Read all quotes under each theme together. Filter column D to show a single theme and read every quote in that group. Ask: do these quotes actually belong together? Is there a subgroup that deserves its own theme? Are there quotes here that would be better placed elsewhere?

Renaming in Excel. When you decide to rename a theme, use Find & Replace (Ctrl+H) rather than editing cells one by one. Search for the old theme name in column D and replace with the new one. This prevents the situation where you have "Leadership issues," "Leadership challenges," and "Leadership concerns" as three separate themes that should be one.

Splitting and merging themes. If a theme feels too big, add a subtheme column (column F) to break it down. If two themes feel redundant, merge them by updating one theme name to match the other and then reviewing the combined set.

Keeping a change log. Add a tab called "Decisions" where you note when you changed a theme name, merged two codes, or dropped a code entirely, and why. This is your analytical audit trail. It is the closest Excel gets to the kind of version control that dedicated QDA tools provide.

This iterative process is described well in the demystifying thematic analysis guide, which walks through the review phase in detail.

Step 5: Writing up from your Excel analysis

Once your themes are stable, Excel becomes a source document for your report rather than an active workspace.

Extracting representative quotes. Filter by theme, scan the quotes, and copy the most illustrative ones into your report or slide deck. A good theme section in a report typically includes 2–4 direct quotes that capture the range of perspectives within the theme, not just the most extreme example.

Summarising with a pivot table. A second pivot table — with Theme in Rows and Document in Values (Count) — gives you a quick frequency overview: how many documents touched each theme. This is useful context for report readers and for your own sense of where the weight of evidence lies.

Preserving the connection to source. Column A (Document) is your audit trail. When you quote a respondent in the report, note the source. "Several respondents described the process as chaotic (Interviews 3, 7, 12, 18)" is more credible than an unattributed claim.

For guidance on turning your coded analysis into a coherent narrative, see our guide on how to synthesise user research and the post on how to write up a thematic analysis.

Where Excel breaks down...

Excel is a general-purpose tool, often being tortured to do something it was not designed for. For small projects, the workarounds are manageable. For larger ones, they become genuinely costly.

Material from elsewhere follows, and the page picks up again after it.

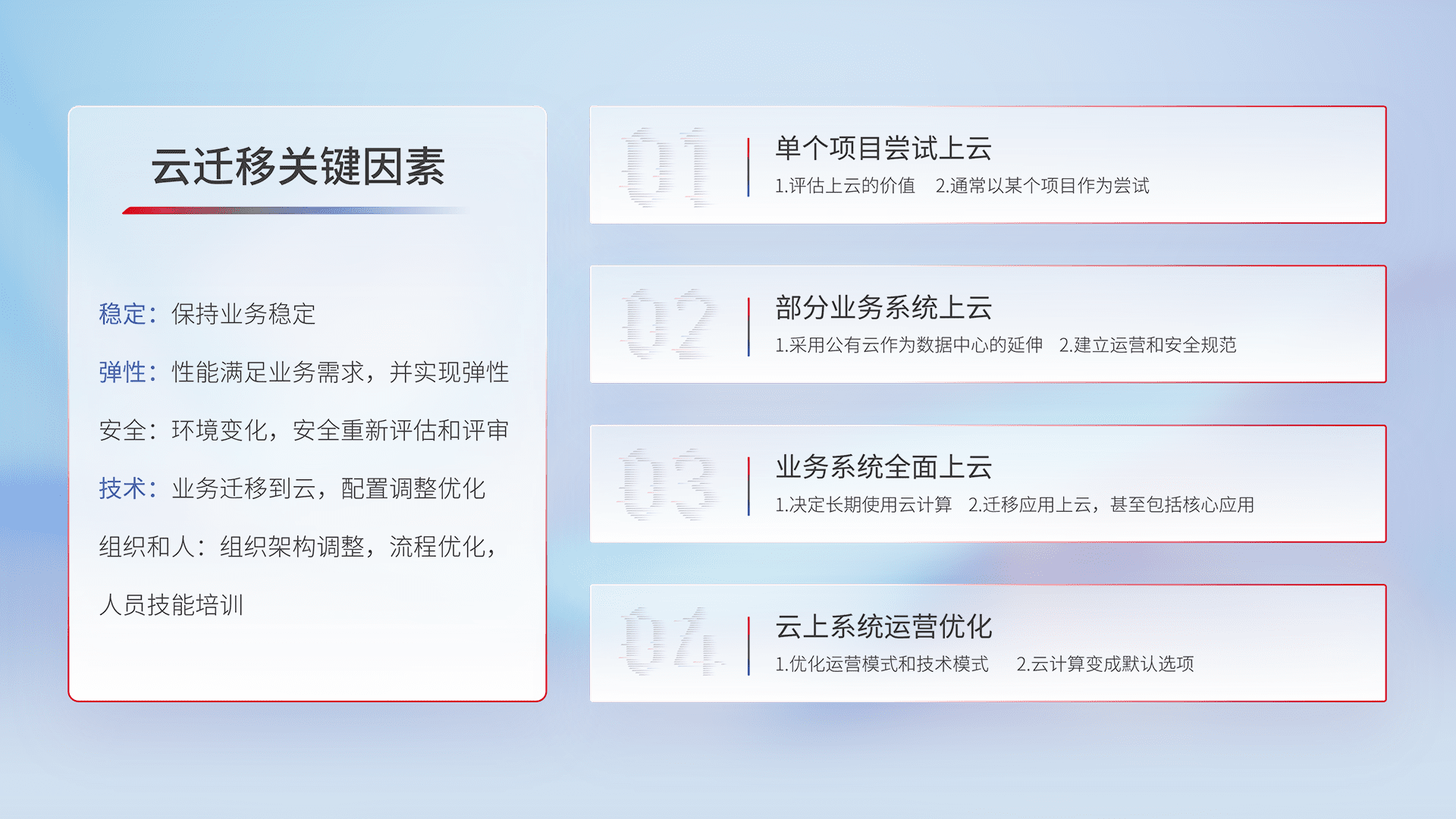 结合实际业务,,,从规划设计、、、云平台选型、、云原生改造、、、数据迁移、、、集成交付,,迁移全过程为客户识别最佳上云路径,,,,做好风险识别管理,,,设计网络架构、、身份权限、、安全审计合规、、、、操作审计、、、、日志审计、、、、监控告警策略、、、多站点容灾设计等,,对云上基础设施进行整体规划,,,,提升IT治理水平,,,,以满足弹性、、高可用、、、高性能的需求。。

Volume. Once you are working with 20 or more documents, a spreadsheet with several hundred or thousands of rows becomes unwieldy. Scrolling, filtering, and navigating between sheets takes real time. More importantly, it becomes harder to hold the whole dataset in your head, which is where analytical insight comes from.

Multiple coders. If two or more people are coding the same dataset, Excel falls apart quickly. Shared files get overwritten. Conflicting edits are hard to reconcile. Tracking inter-rater reliability, a standard quality check in systematic analysis, requires custom formulas that most people do not set up correctly. For consulting teams or research groups working together, this is a significant limitation. See qualitative research for consultants: tools and workflow for how professional teams typically handle this.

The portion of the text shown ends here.